Another object of the present invention is to provide a scroll-type hydraulic machine having orbiting scrolls which are easily assembled with the stationary scrolls and in which gaps between the orbiting scrolls and the stationary scrolls are well sealed.

According to the present invention, the above objects are achieved by providing a scroll-type hydraulic machine comprising a first fluid volume changing mechanism including a first stationary scroll having a first scroll wrap, a first orbiting scroll having a second scroll wrap interleaved with the first scroll wrap and adapted to reduce the volume of introduced fluid and to discharge the fluid so compressed when the second scroll wrap is orbited with respect to the first scroll wrap, and a first orbiting scroll shaft provided on the orbiting scroll opposite the second scroll wrap; a second fluid volume changing mechanism provided separately from the first fluid volume changing mechanism, the second fluid volume changing mechanism including a second stationary scroll having a third scroll wrap, a second orbiting scroll having a fourth scroll wrap, the fourth scroll wrap being interleaved with the third scroll wrap and adapted to reduce the volume of introduced fluid and discharge it when the fourth scroll wrap is orbited with respect to the third scroll wrap, and a second orbiting scroll shaft provided on the second orbiting scroll opposite the fourth scroll wrap; and a crank mechanism including a crankshaft disposed at a center portion in a space defined between the first and second orbiting scrolls and rotated by driving means. The crankshaft has an eccentric through-hole extending therealong, and has at one end thereof a first crank portion, and at the outer end thereof a second crank portion. The first crank portion supports the first orbiting scroll rotatably through a first eccentric ring, and the second crank portion supports the second orbiting scroll rotatably through a second eccentric ring. A thrust-cancelling shaft extends through the eccentric through-hole and supports at one end thereof the first orbiting scroll and at the other end the second orbiting scroll to thus cause the thrust forces of the first and second orbiting scrolls to cancel by transmitting the thrust forces acting on the first and second scrolls to the thrust-cancelling shaft in opposite directions thereto.

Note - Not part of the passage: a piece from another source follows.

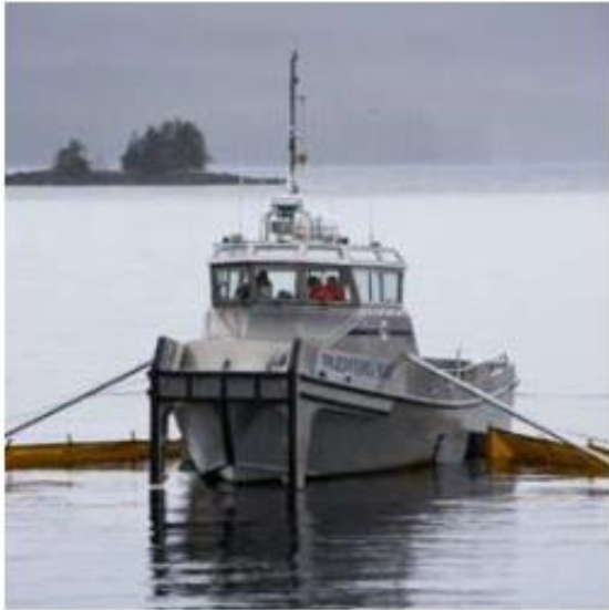
Embarcaciones para Respuesta de Derrames

BRIEF DESCRIPTION OF THE DRAWINGS

FIGS. 1A to 1D taken together are a diagram showing a scroll-type hydraulic machine in successive operational positions, used for explaining the operating principles thereof;

FIG. 2 shows a cross section of a conventional scroll-type hydraulic machine;

FIG. 3 shows a cross section of a preferred embodiment of a scroll-type hydraulic machine according to the present invention;

FIG. 4 is an enlarged view of a portion of the embodiment of FIG. 3 in a disassembled state;

FIG. 5 is a diagram illustrating the relationship between the orbiting scrolls and thrust cancelling shaft; and

FIGS. 6 and 7 illustrate a driven eccentric ring mechanism in successive operational steps, used for explaining the operation thereof.

DESCRIPTION OF THE PREFERRED EMBODIMENTS

In FIG. 3, which is a cross-sectional view of a preferred embodiment of a scroll-type hydraulic machine according to the present invention, and in FIG. 4, which is an enlarged perspective view of a portion of the machine of FIG. 3 in a disassembled state with important portions exaggerated, a housing 20 supports therein a stator 21 of an electric motor. A rotor 22 of the motor, which is driven by the stator 21, is fixedly secured to a crankshaft 23 provided at a center of the housing 20 and is rotated together with the crankshaft.

Since the scroll-type hydraulic machine of the present invention has a construction which is symmetrical vertically, only the upper half thereof will be further described in detail.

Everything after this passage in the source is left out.